Apple Turns to Samsung After Dropping Chinese Memory Chip Supplier Over Trade Restrictions

Apple has decided to source NAND flash memory chips for iPhones from Samsung Electronics after it had to scrap plans to buy from Chinese chipmaker Yangtze Memory Technologies (YMTC) last month due to U.S. trade restrictions, according to a report from DigiTimes (via MacRumors).

Samsung is a market leader in the NAND flash space, producing some of the best memory chips available. YMTC’s chips aren’t nearly as advanced as Samsung’s, but they’re significantly cheaper on account of being government-subsidized.

Apple was planning to start sourcing 128-layer 3D NAND flash memory chips from YMTC as early as this year for the internal storage on iPhone 14 units headed to the Chinese market. The tech giant was also considering eventually sourcing up to 40% of its NAND flash supply for iPhones from the Chinese memory maker.

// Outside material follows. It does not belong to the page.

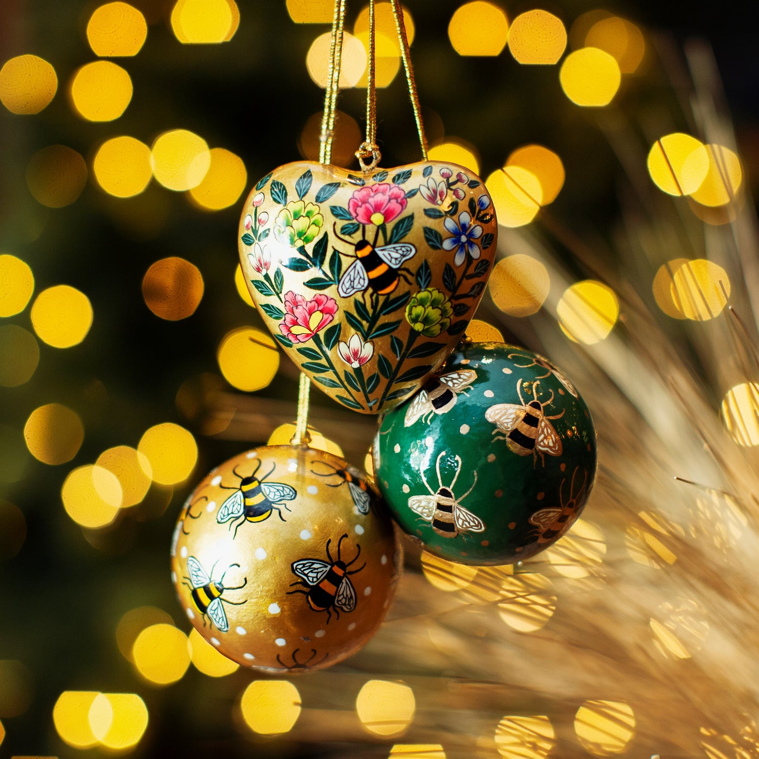This glitzy green and gold papier-mâché Christmas bauble featuring a cute bee design and gold thread, will add a glamorous, and shimmering touch to your tree. Perfect for a bee lover or gardener!

Unfortunately, Apple’s plans came to a grinding halt when the White House placed YMTC on its list of “Unverified” companies last month. Back in September, U.S. lawmakers warned Apple against using YMTC memory in its devices.

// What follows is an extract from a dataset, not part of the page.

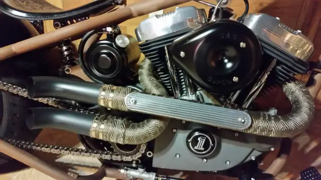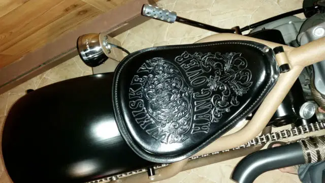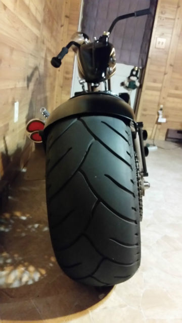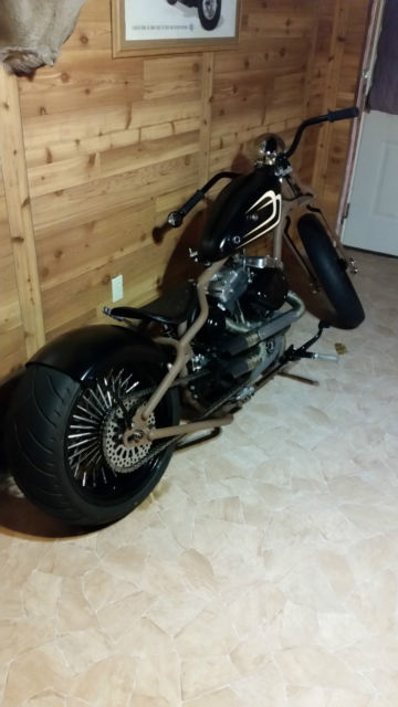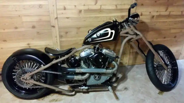 "The Whiskey Hangover" Custom build hard tail with Led Sled Customs frame (6 up, stretch, 0 degree rake) and Led Sled springer front end, 250-18 rear tire and 21" front on DNA Mammoth Spoke wheels, 200 cc Harley Sportster motor with S&S Super E carb (approx 13,120 miles on motor), ockey shift with EFM Autoclutch, nd Exile internal throttle. Bike is titled as a 2008 Harley Sportster with matching engine numbers - NOT special construction (easy to register and insure). Currently, his bike is done as a rat bike with flat finishes and "faux-tina" simulated rust. You can enjoy riding it and never have to wash or polish it. Hand tooled custom leather seat. Amazing bike for the money - you won't find another like it.

U.S. companies are banned from sharing any designs, technologies, documents, or specifications with companies on the Unverified List. YMTC could be added to the export control blacklist by December, restricting all trade between the semiconductor manufacturer and U.S. companies, if it doesn’t provide the necessary information to the U.S. government.

What’s more, the U.S. Department of Commerce is investigating YMTC for potentially violating export controls by trading with Huawei.

It looks like all of the NAND flash orders for 2023 that Apple originally planned to give to YMTC will now go to Samsung. The South Korean company has reportedly also offered price cuts and output bumps for inclusion into the iPhone memory supply chain.

As geopolitical tensions between the U.S. and China rise, Apple is looking to diversify its supply chain beyond the Asian superpower. Switching over to Samsung will also help relocate a chunk of Apple’s iPhone supply chain that would have otherwise gone to China.